*** Opening Data block ***

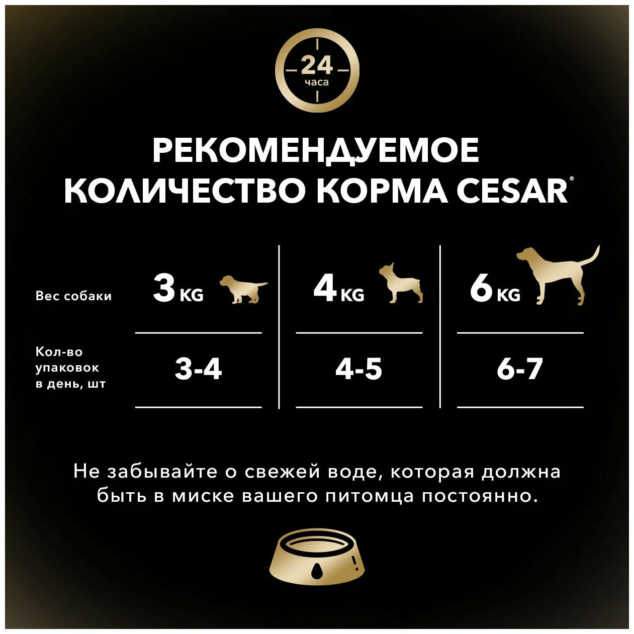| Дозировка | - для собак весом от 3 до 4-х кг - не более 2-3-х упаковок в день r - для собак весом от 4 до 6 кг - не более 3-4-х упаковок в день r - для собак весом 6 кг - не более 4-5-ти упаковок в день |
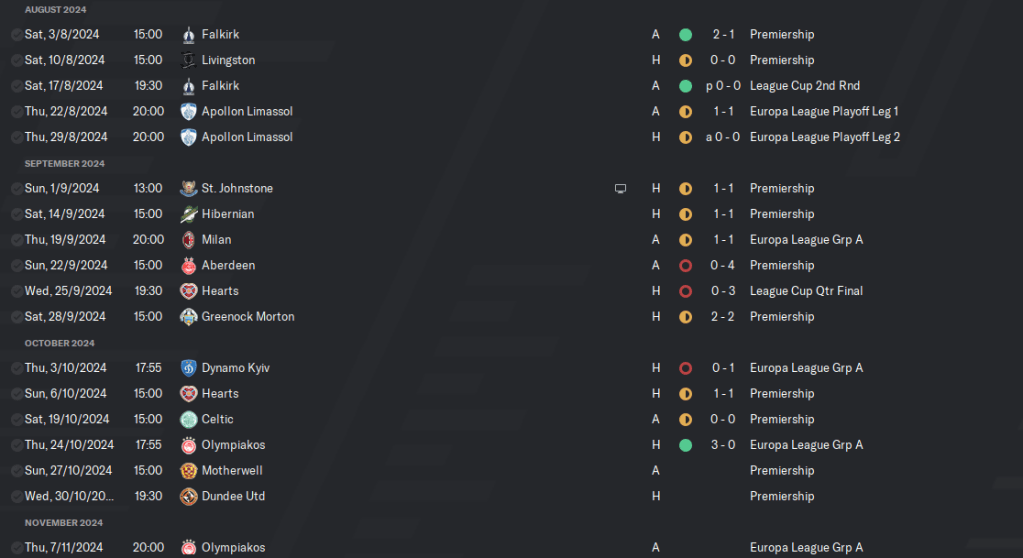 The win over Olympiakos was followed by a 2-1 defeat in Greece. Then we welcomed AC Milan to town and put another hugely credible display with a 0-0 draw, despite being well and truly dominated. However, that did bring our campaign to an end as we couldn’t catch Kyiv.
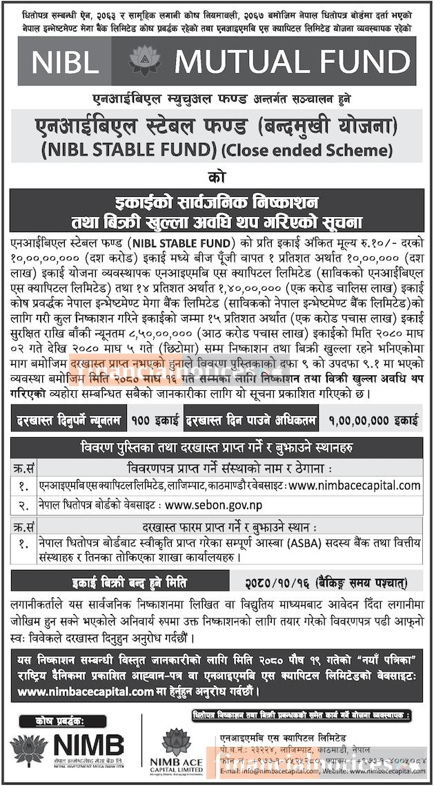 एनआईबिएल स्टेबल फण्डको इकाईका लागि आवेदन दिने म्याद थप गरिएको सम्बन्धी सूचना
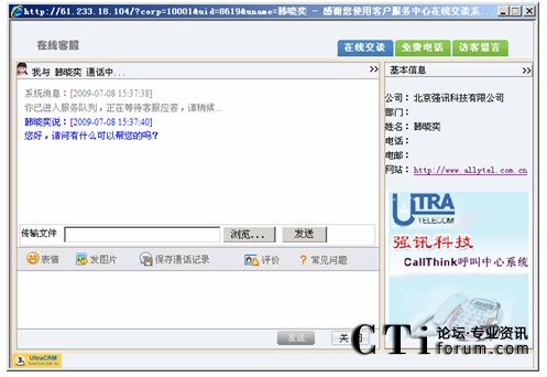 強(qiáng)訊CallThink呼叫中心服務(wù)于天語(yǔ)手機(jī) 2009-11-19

*** Closing Data block ***

_About this exercise_
Only the lines from the one containing "एनआईबिएल स्टेबल फण्डको" through the final line of the listing should be reproduced, exactly and with no pictures.

_Solution_
 एनआईबिएल स्टेबल फण्डको इकाईका लागि आवेदन दिने म्याद थप गरिएको सम्बन्धी सूचना
 強(qiáng)訊CallThink呼叫中心服務(wù)于天語(yǔ)手機(jī) 2009-11-19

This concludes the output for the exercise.